→ Data:
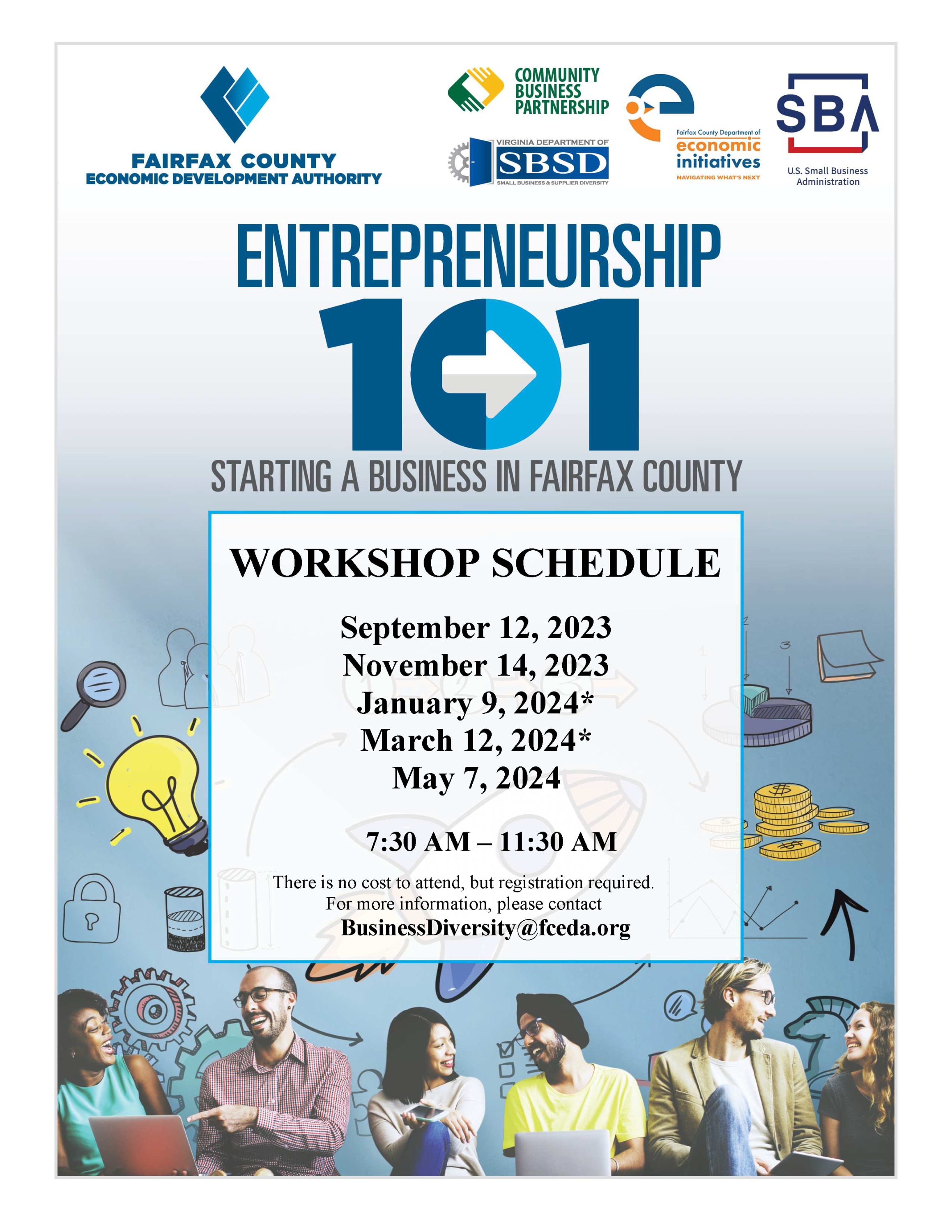 Aspiring Entrepreneur? Small Business Start-Up? Join our panel of small business experts for an interactive in person workshop on how to start your business. We will provide you with step-by-step information that will cover registering your business, permitting requirements, business feasibility and business plan basics, business certifications, financing options and government resources. Presented by the Fairfax County Economic Development Authority (FCEDA), in partnership with the Virginia Department of Small Business and Supplier Diversity (SBSD), Community Business Partnership (CBP), Women's Business Center of Northern Virginia, U.S. Small Business Administration (SBA), and the Fairfax County Department of Economic Initiatives (DEI). This course will provide the business fundamentals needed to successfully start a business!
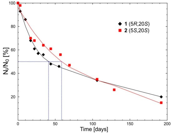 The property of chemical and stereochemical stability in water is crucial for a potential medicine that needs to reach its biological target in an unchanged form. The results of kinetic experiments, which reflect the stability of both diastereomers at pH 5 in water solution, are shown in Figure 3. This allowed estimation of the half-life time t½, which is similar for both diastereomers.
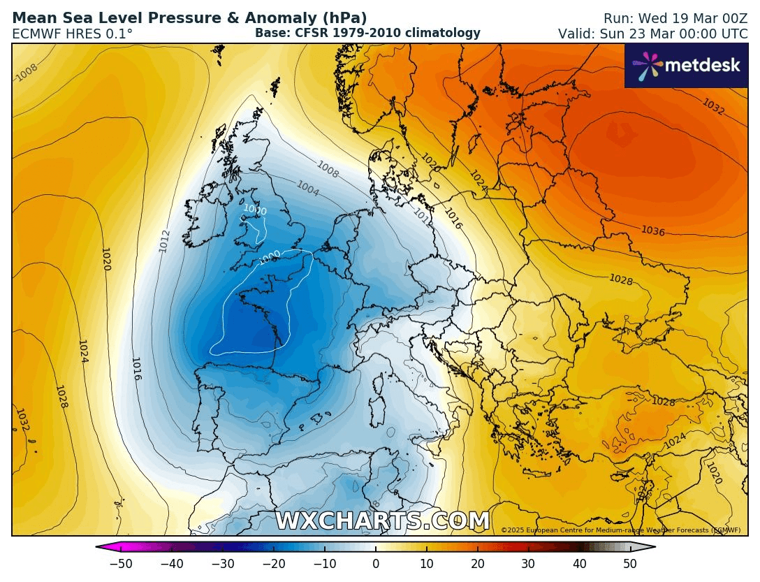 Anomalie de pression pour le dimanche 23 mars 2025 - wxcharts.com
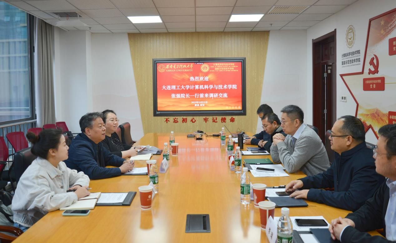 崔江涛对大连理工计科院一行调研表示欢迎,并在二楼学院形象墙介绍了学院的发展历程和组织架构。调研交流环节,崔江涛从学科建设、师资队伍、科学研究、人才培养和发展规划等方面详细介绍了学院情况。他表示,两个学院既有共性需求,也各具优势特色。此次调研交流为两院搭建了宝贵的互学互鉴平台,期待通过深度沟通,探寻长期合作契合点。

→ Work task: Produce the data again character for character, with the images left out.

→ Exercise response:
 Aspiring Entrepreneur? Small Business Start-Up? Join our panel of small business experts for an interactive in person workshop on how to start your business. We will provide you with step-by-step information that will cover registering your business, permitting requirements, business feasibility and business plan basics, business certifications, financing options and government resources. Presented by the Fairfax County Economic Development Authority (FCEDA), in partnership with the Virginia Department of Small Business and Supplier Diversity (SBSD), Community Business Partnership (CBP), Women's Business Center of Northern Virginia, U.S. Small Business Administration (SBA), and the Fairfax County Department of Economic Initiatives (DEI). This course will provide the business fundamentals needed to successfully start a business!
 The property of chemical and stereochemical stability in water is crucial for a potential medicine that needs to reach its biological target in an unchanged form. The results of kinetic experiments, which reflect the stability of both diastereomers at pH 5 in water solution, are shown in Figure 3. This allowed estimation of the half-life time t½, which is similar for both diastereomers.
 Anomalie de pression pour le dimanche 23 mars 2025 - wxcharts.com
 崔江涛对大连理工计科院一行调研表示欢迎,并在二楼学院形象墙介绍了学院的发展历程和组织架构。调研交流环节,崔江涛从学科建设、师资队伍、科学研究、人才培养和发展规划等方面详细介绍了学院情况。他表示,两个学院既有共性需求,也各具优势特色。此次调研交流为两院搭建了宝贵的互学互鉴平台,期待通过深度沟通,探寻长期合作契合点。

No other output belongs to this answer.